The yellow-lipped sea krait is oviparous, meaning it lays eggs that develop outside of the body.

Each year during the warmer months of September through December, males gather on land and in the water around gently sloping areas at high tide. Males prefer to mate with larger females because they produce larger and more offspring.

When a male detects a female, he chases the female and begins courtship. Females are larger and slower than males, and many males escort and intertwine around a single female. The males then align their bodies with the female and rhythmically contract; the resulting mass of snakes can remain nearly motionless for several days. After courtship, the snakes copulate for about an average of two hours.

The female yellow-lipped sea kraits then lay as many as 10 eggs per clutch. The eggs are deposited in crevices where they remain until hatching. These eggs are very rarely found in the wild; only two nests have been definitively reported throughout the entire range of the species.

===Interaction with humans===
Because yellow-lipped sea kraits spend much of their time on land, they are often encountered by humans. They are frequently found in the water intake and exhaust pipes of boats. They are also attracted to light and can be distracted by artificial sources of light, including hotels and other buildings, on coasts.

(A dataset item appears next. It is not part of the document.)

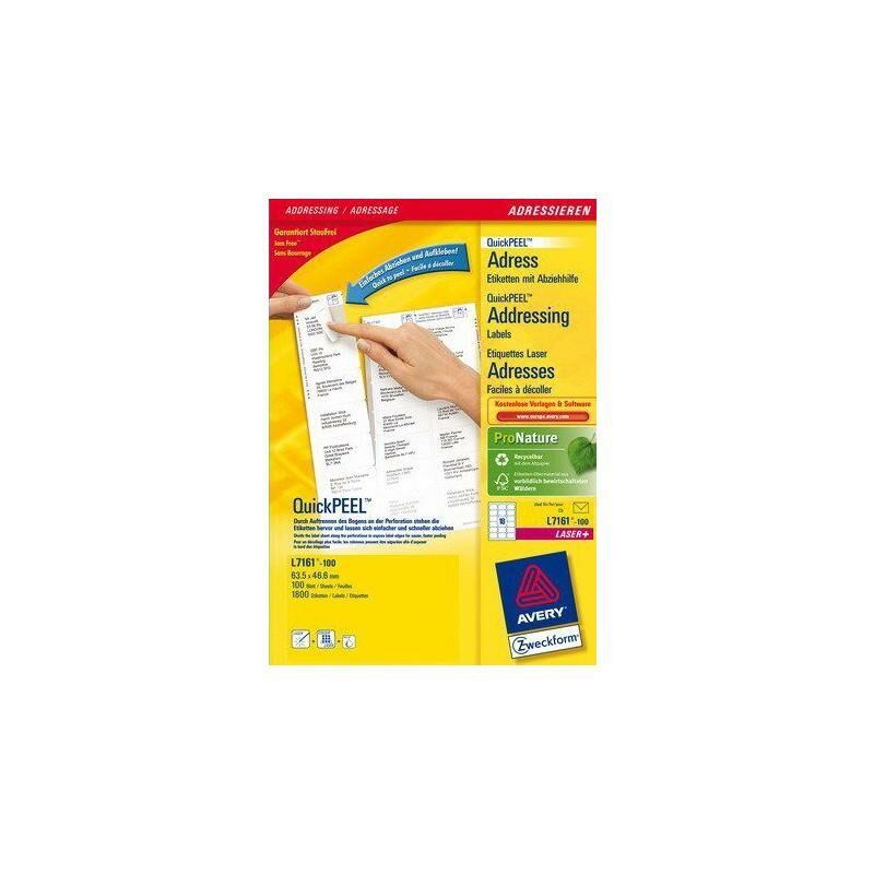 Hai sono due mani, ma dozzine di cose da fare. E devi inviare quel mailing oggi entro le 17! Come fare? Utilizza le etichette per indirizzi, realizzate con la tecnologia Avery QuickPeel - Queste etichette per indirizzi sono più facili da rimuovere ed applicare grazie alla tecnologia Avery QuickPEEL™. - Ideali per buste formato C6, 18 etichette per foglio. - La tecnologia Jam Free™ offre un'elevata qualità di stampa. - Etichette certificate FSC, la carta proviene da foreste gestite in modo responsabile. - Ecologiche, possono essere riciclate come la carta comune. Descrizione Prodotto: - 63,5 x 46,6 mm. - Laser / Inkjet / Laser a colori. - 100 fogli per confezione. - Bianco. - Utilizzo: Indirizzi. - 1800 etichette per confezione. - 18 etichette per foglio. - Stampa: Buste formato C6. - Adesivo permanente. - Rettangolare. - A4. - Ecologiche. - Carta. - Tecnologia QuickPEEL™. Etichette da pacchi 1800 pezzo(i) Fogli per pacco 100 fogli Colore del prodotto Bianco Materiali Carta Dimensione

Fewer bites from this species are recorded compared to other venomous species such as cobras and vipers, as it is less aggressive and tends to avoid humans. If they do bite, it is usually in self-defense when accidentally grabbed. Most sea snake bites occur when fishermen attempt to untangle the snakes from their fishing nets.

In the Philippines, yellow-lipped sea kraits are caught for their skin and meat; the meat is smoked and exported for use in Japanese cuisine. The smoked meat of a related Laticauda species, the black-banded sea krait, is used in Okinawan cuisine to make irabu-jiru (イラブー汁, irabu soup).